Meara - speaking of your pseud....the other weekend as K-Bug and I were driving to brunch, I was trying to fill her in on who was going to be there and a bit of background on those she didn't know - mainly you, I must admit. But in all that, I forgot to tell her your real name. I kept using your pseud. The first time Lee or juliana used your real name I realized my error and felt like a total dork.
Spike's Bitches 37: You take the killing for granted.
[NAFDA] Spike-centric discussion. Lusty, lewd (only occasionally crude), risqué (and frisqué), bawdy (Oh, lawdy!), flirty ('cuz we're purty), raunchy talk inside. Caveat lector.
Hil, I hope for the best for your mother.
I have little interest in the idea of changing my last name, unless he has a cool one (which reminds me of a HS friend surnamed Gumpel--I totally tried to wangle an intro to her brother, because I'd totally love to marry into that name, clunky as it would be with ita). I'm surprised by the talk of people dropping middle names. I don't think I've knowingly encountered that due to marriage.
My father changed his name when he left for university. He dropped his middle name (understandably so) and added his mother's surname as his middle name. And he then uses that as his first name, so he's all H. MothersSurname FathersSurname. Works on him.
Had a cousin who did the same sort of thing, shoving the awkward first name into an initial and going by the middle name.
The women? Some hyphenate, some concatenate (my mother is professionally MaidenName MarriedName, but socially just MarriedName), some leave it be.
And the kids just pick and choose. A number of them have chosen to go with their mother's name alone.
eta: Dammit, that article makes me want to change my name. What a git.
Gah. Clowns.
I know a lot of people who didn't change their name when they got married, but after they had kids, gave up and did it.
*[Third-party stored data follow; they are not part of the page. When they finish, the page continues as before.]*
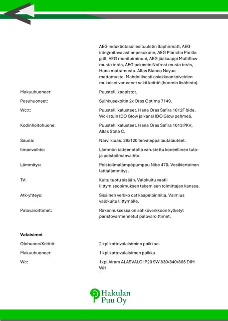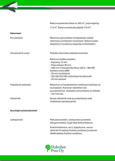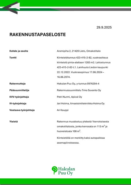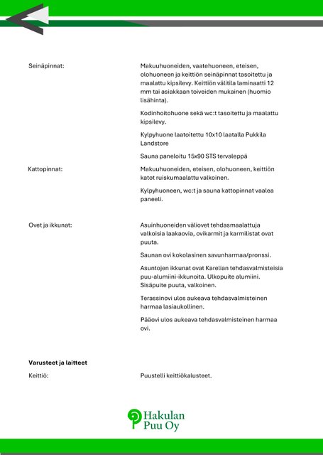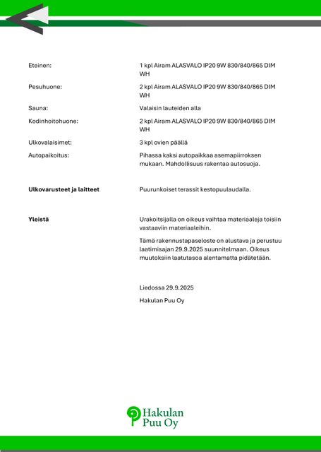 - Rakennustapaseloste liitteen mukainen varustelu, joka esitteen liitteenä.
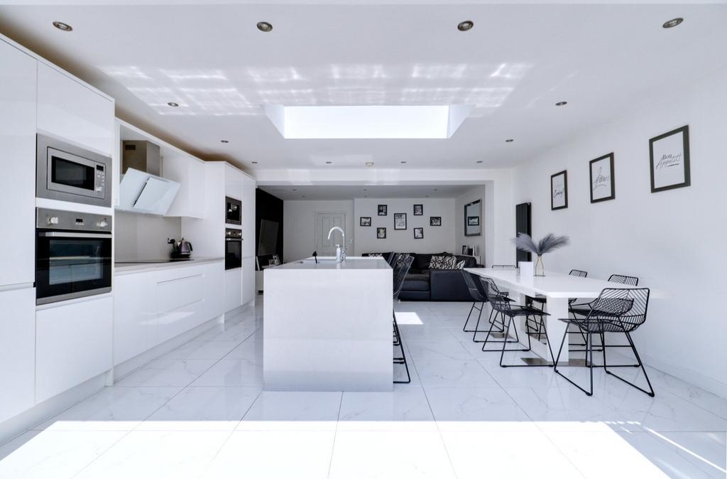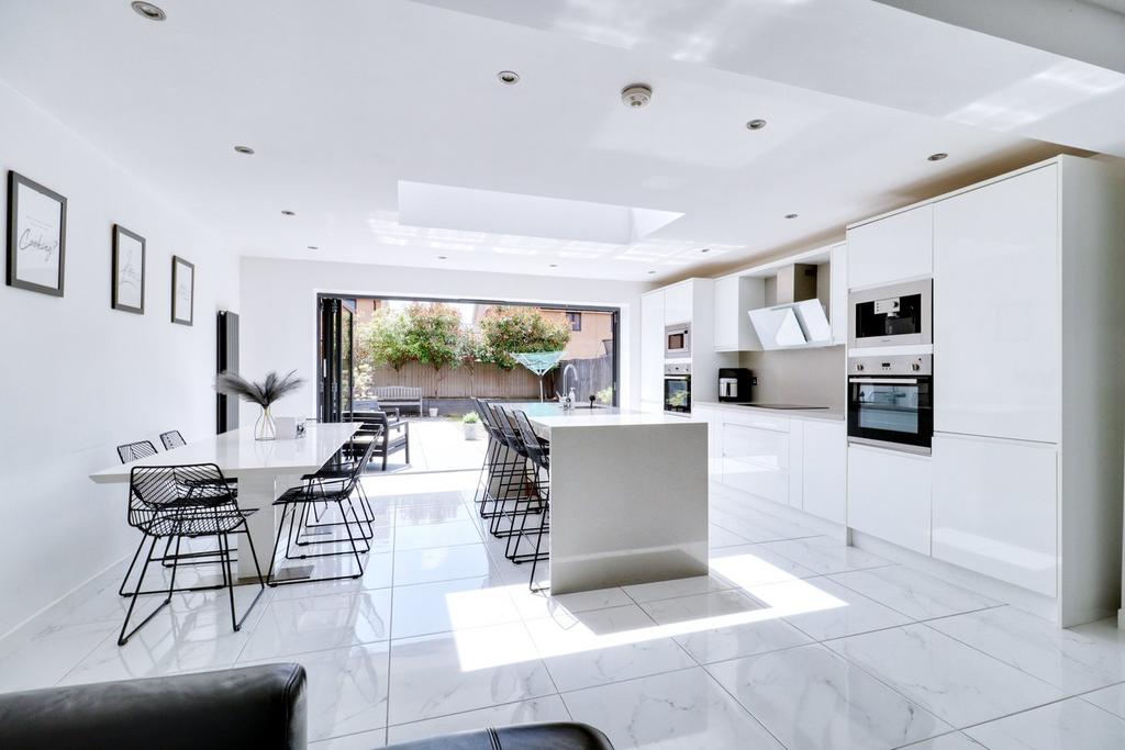 5.1m x 4.58m (16' 9" x 15' 0") Inset spotlights to ceiling, lantern skylight window to ceiling, a range of integrated handled matching wall and base units, granite work surfaces, two integrated ovens, integrated microwave, integrated coffee machine, four ring induction hob, extractor hood, integrated fridge, integrated freezer, kitchen island with granite worktop over a range of base units, integrated dishwasher, inset sink with hot and cold mixer tap, breakfast bar area, two gun-metal grey vertical radiators, porcelain tiled flooring, grey uPVC framed double glazed bi-folding doors to rear opening to rear garden.
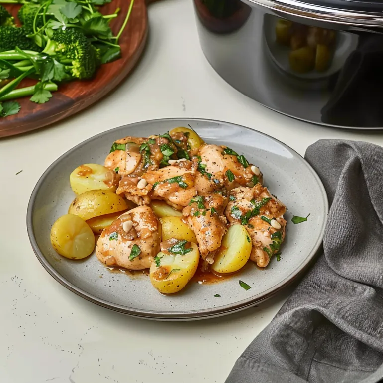 Tender chicken thighs and baby potatoes slow-cooked with garlic, parmesan cheese, and Italian herbs for a complete one-pot comfort meal.
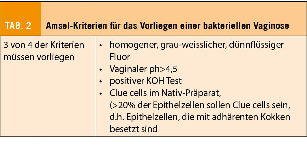 Diese wird entweder über die klinischen Amsel-Kriterien (Tab. 2) oder das mikrobiologische Gram-Präparat mittels Nugent-Score gestellt. Der Nugent Score wird durch Charakterisierung der verschiedenen Bakterienarten (grampositive Lactobazillen, gramnegative bzw. labile Stäbe, und gramlabile gebogene Stäbe), welche im Grampräparat beurteilt und ausgezählt werden, erhoben. Beim Vorliegen verschiedener Stämme werden unterschiedliche Punktwerte verteilt. Je höher der Punktwert, desto wahrscheinlicher ist das Vorliegen einer bakteriellen Vaginose. Diese Nachweismethode zur bakteriellen Vaginose gilt als Goldstandard, wird aber im klinischen Alltag selten durchgeführt, da sie sehr zeit- und kostenintensiv ist. Diese Nachweismethode findet hauptsächlich Anwendung in der Forschung.
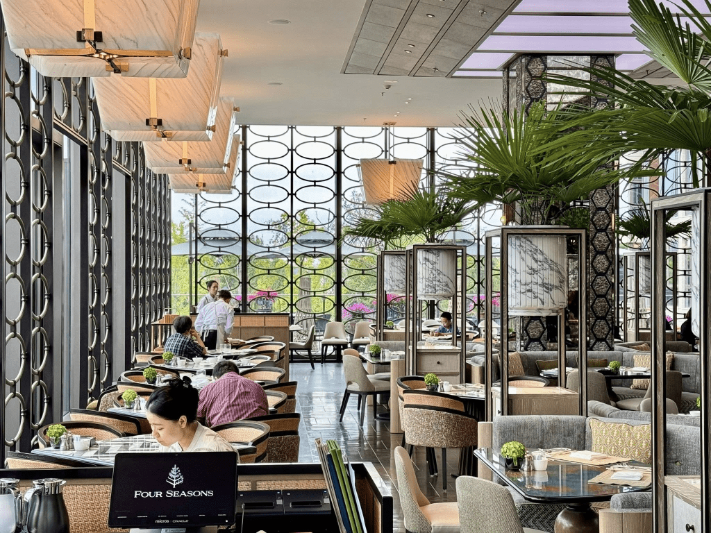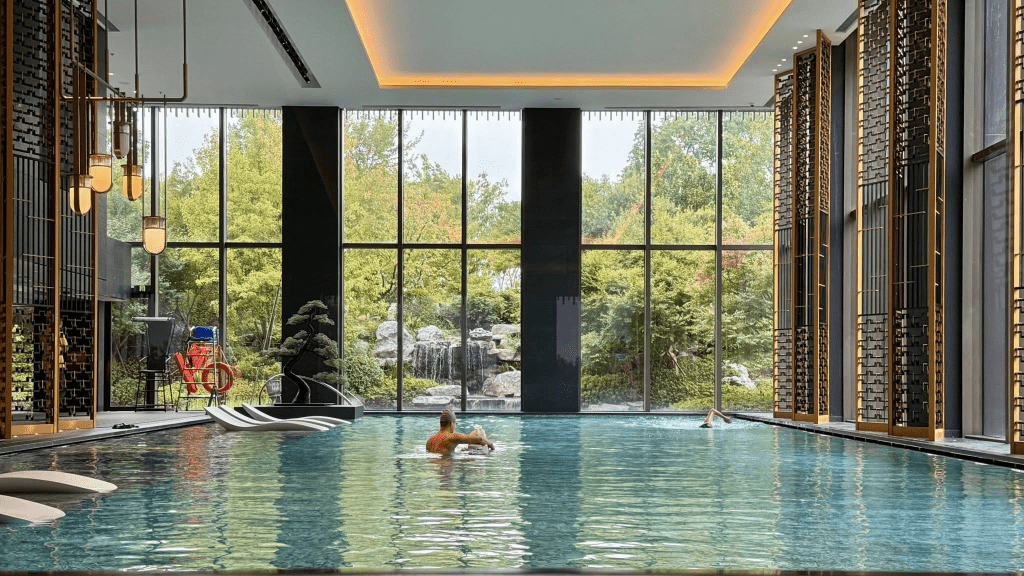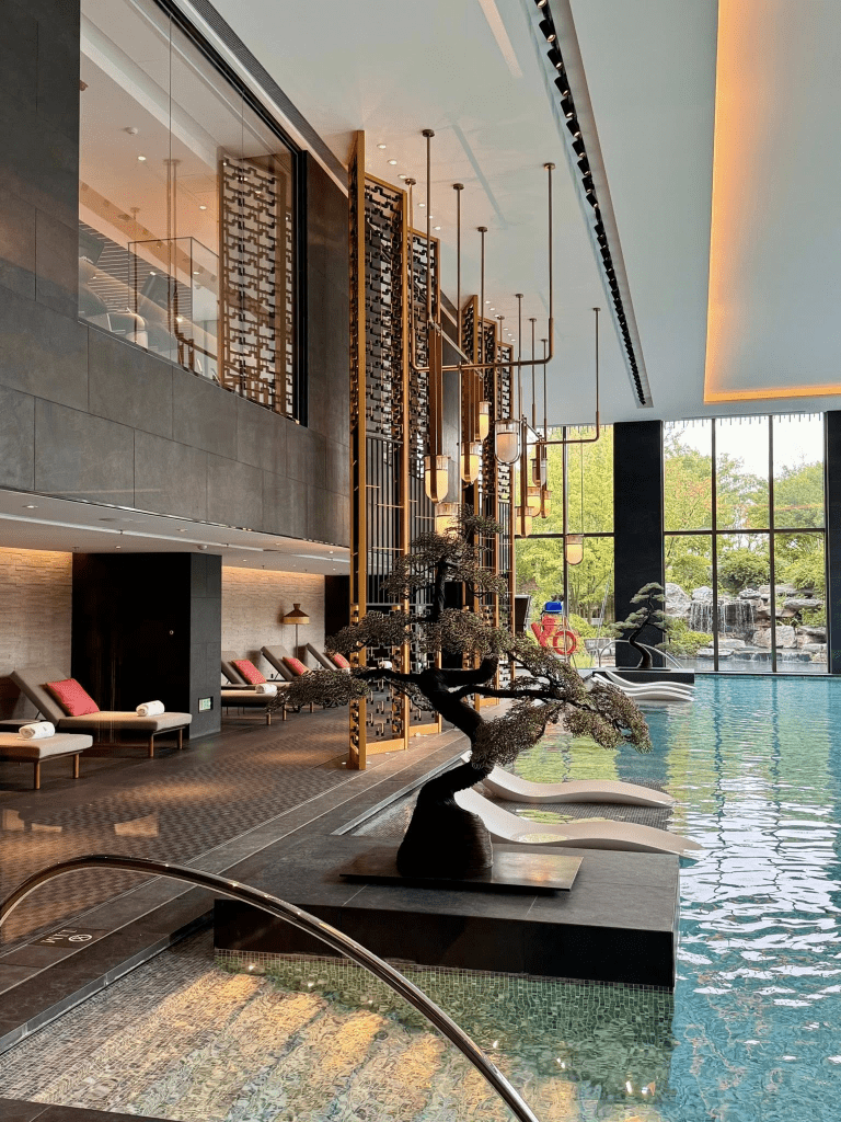 2024年開幕的蘇州四季酒店坐落於金雞湖上一座面積9公頃的私人度假島嶼,是市內僅有的「一島一飯店」。酒店的室內設計由新加坡設計事務所Avalon Collective操刀。受中國古典園林造園之法的啟發,蘇州四季酒店完美地將蘇州韻味透過中式建築線條作為設計元素來體現。

The first time Lee or juliana used your real name I realized my error and felt like a total dork
Oh, don't!! I totally answer to meara, in real life, as well as to my "real" name. (And to Indy, my drag name!) After all, meara is a name *I* picked!
I always think of you as Meara--and I think I have called you that face-to-face.
Somehow your names are totally interchangeable for me.
I very resolutely think of myself sans-surname most of the time. So this recent explosion of Facebook and LinkedIn feels terribly weird.
I guess another reason I wouldn't change my last name is that I'd probably not use that one much either.
I'm losing my touch. I just now checked to see how far my aunt is from Florida baseball. The answer - too far. Darn it.
Pumpkin fudge.
On the names discussion. I got married at 19, so went with the flow, but I'd probably have done the same thing - exchanging a difficult to pronounce maiden name that was 14 letters and 2 hyphens long for a simple to say married name that was a mere 5 letters. I actually had "friends" who encouraged me to hyphenate the two. Bah!
meara is one of those who is always meara, real name notwithstanding. shrift, too.
My name was a big big deal when I got married, because I eloped. We'd actually talked about both of us taking my grandmother's name, which I think we would have actually done had we had a traditional wedding (and thus, time to talk it over with her and with his family) because my mom was an only child, so the name is now rare.
But then I loved my middle name, which is my other grandmother's first name, and didn't want to lose it. So I was going to go FirstName MiddleName MarriedName. But to my parents it felt like wholesale rejection, like I didn't want anything to do with them. I'd hurt them needlessly enough with the whole eloping thing, so I went ahead and kept them all.
So my legal name is FirstName MiddleName MaidenName MarriedName, almost like the Latin way. But then I still use FirstInitial MiddleInitial LastInitial on legal documents, so it's mostly only symbolic.
Still, since I ended up with an English first and last name, I'm glad to have the Japanese two middle names.